## DATA SUPPLIED

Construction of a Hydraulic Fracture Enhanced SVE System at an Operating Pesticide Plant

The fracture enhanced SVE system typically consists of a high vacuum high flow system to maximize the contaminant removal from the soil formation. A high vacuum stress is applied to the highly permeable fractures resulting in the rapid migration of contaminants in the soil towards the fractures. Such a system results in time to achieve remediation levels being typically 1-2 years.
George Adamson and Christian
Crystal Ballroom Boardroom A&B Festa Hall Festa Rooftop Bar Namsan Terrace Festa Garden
--
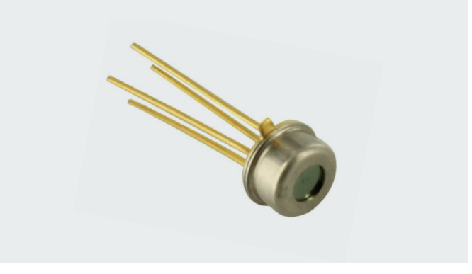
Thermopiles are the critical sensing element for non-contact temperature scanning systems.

## ACTIVITY
Look above for the line with "George Adamson and Christian" and the line with "Crystal Ballroom Boardroom". Write out those two lines and all the lines between them, exactly, and no others.

## ANSWER BOX
George Adamson and Christian
Crystal Ballroom Boardroom A&B Festa Hall Festa Rooftop Bar Namsan Terrace Festa Garden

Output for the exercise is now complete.